The maximum excitation and maximum emission wavelength were then
obtained by combining the wave scan method. Finally, the emission
spectra of native BSA and aldehyde-BSA adducts were scanned from 350-550
nm with the excitation wavelength fixed at the maximum excitation
wavelengths of various aldehyde-BSA adducts. The spectra were measured
at the following conditions: PMT voltage: 700 V; scan speed: 600 nm/min;
EM slit: 5 nm; response time 0.1 s.
2.10 Determination of colorimetric
values
Colorimetric values of samples were obtained via a colorimeter (model
NS810 spectrophotometrically, 3nh); a*(redness/greenness),
b*(yellowness/blueness), and L*(lightness) were measured.
2.11 Statistical analysis
Each experiment was performed in triplicates.
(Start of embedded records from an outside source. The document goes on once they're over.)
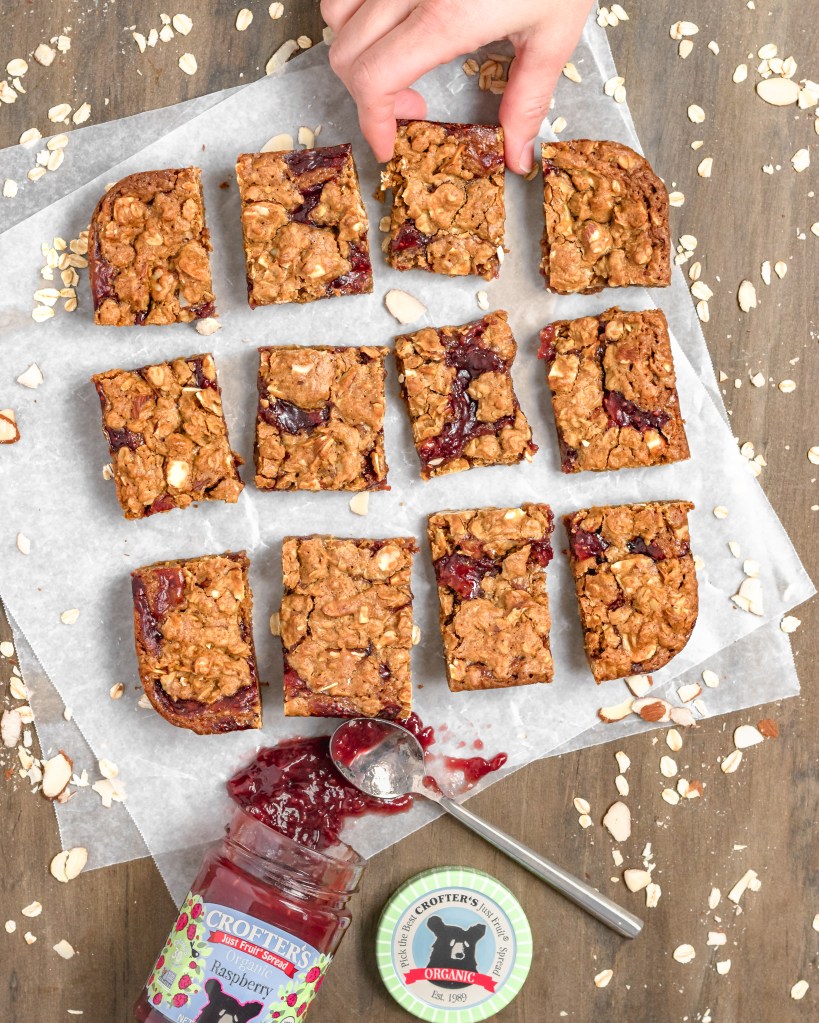 Chewy and gooey on the bottom, sweet and tart raspberry jam in the middle and a crisp and crunchy crumble on top. These super easy to make bars are seriously to die for. You have to make them!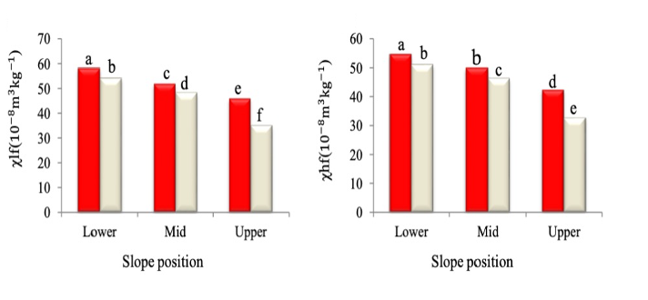 图1?土壤低频磁化率(lf)和高频磁化率(hf)变化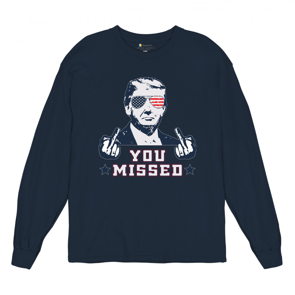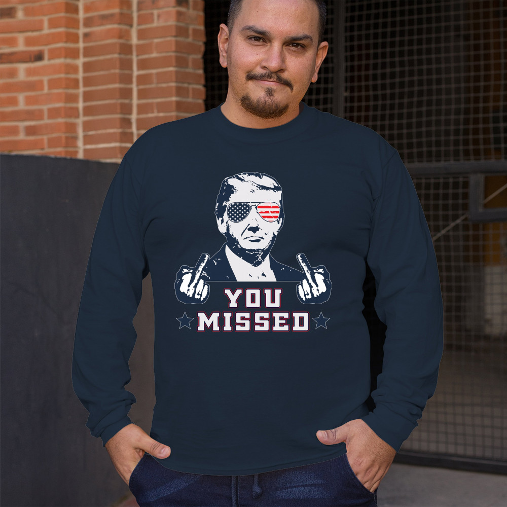 Celebrate Trump's resilience with this bold "You Missed" design. Perfect for rallies and political events. Show your unwavering support for conservative values.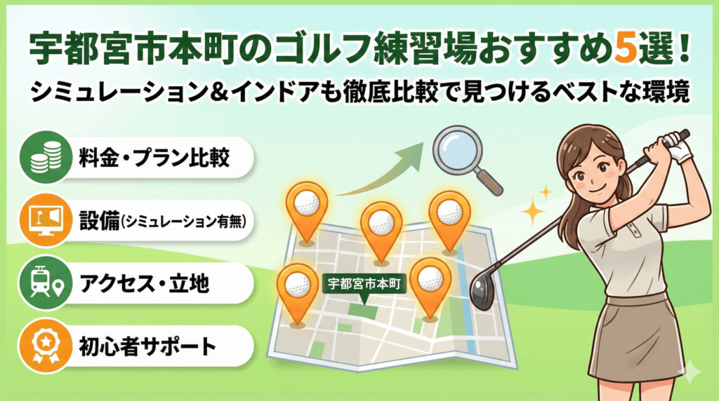 宇都宮市本町で「どの練習場が自分に合うのか分からない」「仕事帰りに通える場所を知りたい」という声は少なくありません。打ち放題の有無、24時間対応、弾道測定器の精度、駐車台数や最寄り駅からの距離など、選ぶ基準が多くて迷いやすいのが実情です。通いやすさと上達効率を両立するための判断軸を、数字で整理してご案内します。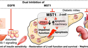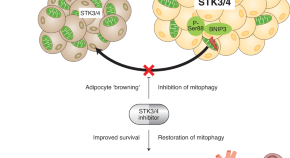 Obesity is associated with mitochondrial dysfunction and chronic metabolic derailment. Cho et al. report that elevated adipose expression of the Hippo kinases STK3 and STK4 (STK3/4) in obesity and type 2 diabetes decreases the mass and oxidative capacity of adipocyte mitochondria. Genetic or pharmacological inhibition of STK3/4 restores mitochondrial mass and function in adipocytes and improves glucose homeostasis in mice with diet-induced obesity. These findings support STK3/4 as new targets for obesity-related diseases.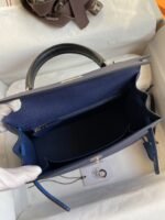 Hand-stitched Kelly 25cm Imported Epsom Leather Gemstone Blue with Black with French Blue Silver Buckle

Data were expressed as
means ± standard deviation (n = 3). Analysis of variance (ANOVA) was
performed using the SPSS 16.0 software. Statistical significance was set
at p < 0.05. Principal component analysis (PCA) was
used to standardize and determine the relationship between the variables
using the SPSS 16.0 software. This promoted comprehensive evaluation of
the effects of different aldehydes on BSA modification.